地道ですが、逆球が打てるようにカット打ちの練習をひたすら行うしかありません。
練習時間がない場合は飛距離が落ちますが、オープンスタンスを試してみましょう。
ヘッドの被りが原因の場合
ヘッドが被っている場合は、グリップやリリースを見直す必要があります。
以下の点に注目してみましょう。
- 極端なフックグリップになっていないか?
- ちゃんと飛球線方向にリリースできているか?
- 腕のローテーションが強すぎないか?
リリースの方向や腕のローテーションはスイングの修正が必要です。
そのため、時間がかかりますが、グリップの見直しは割とすぐに修正ができます。
スライスしてたときのクセでフックグリップを強くしている人も多く、それが原因でインパクト時にヘッドが被りやすくなります。

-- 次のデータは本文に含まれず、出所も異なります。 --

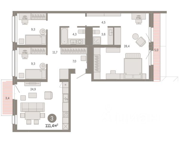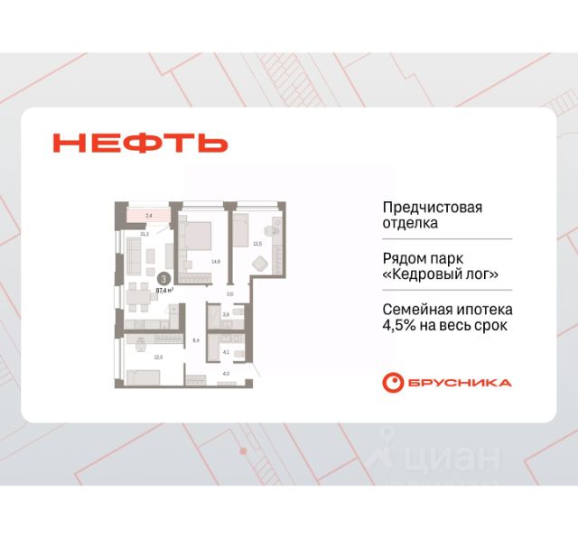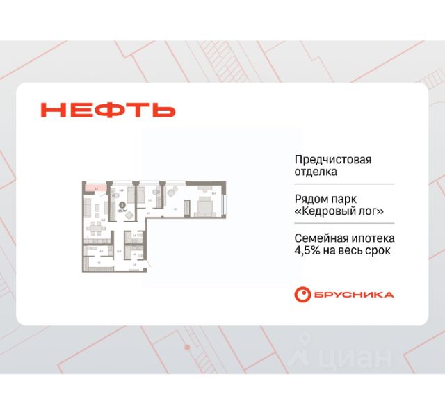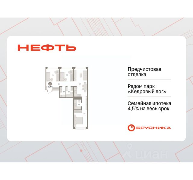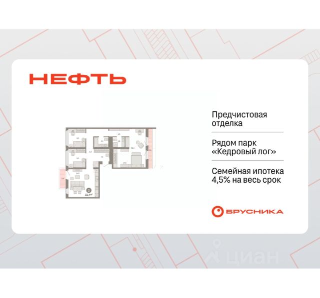 Просторная 3-комн. квартира с предчистовой отделкой в ЖК "Нефть" на 4 этаже. Общая площадь: 80.9 кв.м., жилая: 38.1 кв.м., площадь просторной кухни-гостиной: 23.4 кв.м. Квартира угловая, окна oбecпeчивaют paвнoмepнoe ocвeщeниe в тeчeниe дня. В квартире одна лоджия, один совмещенный санузел. Высота потолков 2.7 м. Дом монолитный, многоподъездный, переменной этажности, от 7 до 17 этажей. Квартира находится в 6-й секции высотой 7 этажей в корпусе 1. На этаже 6 квартир. В подъезде 1 грузовой лифт. Окончание строительства - 2 квартал 2027 года. Оформление сделки по договору долевого участия. Квартира с кухней-гостиной и тремя спальнями в квартале "Нефть". Особенности планировки: гардеробная, лоджия, предчистовая отделка, рабочий кабинет, разнесённые спальни. квартиры в нашей базе: НФТ01-Ж6.4.2. Квартал "Нефть" построят в микрорайоне "нефтяников". Квартал состоит из четырёх жилых домов 7 — 9 этажей с акцентной башней в 17 этажей, подземными автостоянками и помещениями коммерческого назначения. Квартал находится в юго-западной части Сургута на пересечении Набережного проспекта и улицы Артёма. В районе уже сформированная инфраструктура. Рядом расположены три детских сада, университеты, парк и спортивная база. На первых этажах квартала спроектированы коммерческие помещения под повседневные сервисы для жителей: магазины, кафе, аптеки и другие полезные функции. Дом имеет переменную высотность 717 этажей. Секции высотой 7-9 этажей подразумевают небольшое количество соседей, спокойствие и приватность. Башня высотой в 17 этажей предлагает более динамичный характер проживания, здесь будет комфортно любителям активного городского ритма жизни. Дворы приватные и предназначены только для жителей. По стандартам Брусники зелень занимает 70% территории. В квартале "Нефть" озеленение выполнено по принципу долголетия ландшафта: оно плотное, разнообразное и многоярусное. Самый верхний ярус — взрослые деревья со сформированной кроной и высокие кустарники, ниже располагаются массивы кустарников среднего размера, нижний ярус — травы, многолетники и газон. Все растения подобраны с учётом сезонности и календаря цветения и сурового климата северного города. Осенью цвет ландшафта обеспечивает листва деревьев и кустарников, летом — цветение многолетников, зимой — вечнозелёные хвойные растения и кустарники с декоративными свойствами стеблей. #Zsv9Am

少しグリップをスクエアに戻す調整を試してみましょう。
また、応急処置ですが、左手のグリップ圧を強めるとヘッドが返りにくくなります。
ラウンド中など困った時に試してみましょう。
クラブを見直すのもアリ
これらをチェックしても、なかなか修正が難しい場合はクラブの変更を検討してみるのもアリだと思います。
最近のクラブはセットアップで”フェース面が無意識に左側を向くよう”に設計されていたり、ヘッドの重心位置を変えてフェースが閉じやすくなっていたりしているからです。
フェースアングルや重心位置など、しっかりクラブのスペックをチェックするようにしましょう。
また、シャフトも先調子のものを使っていないかなど、チェックするのも大事です。
キックポイントが先側にあると、スイング中にヘッドが返りやすくなるためです。
一番確実なのはフィッティングを受けることなんですが、時間が限られていると思いますので、まずはシャフトのスペックを調査してみましょう。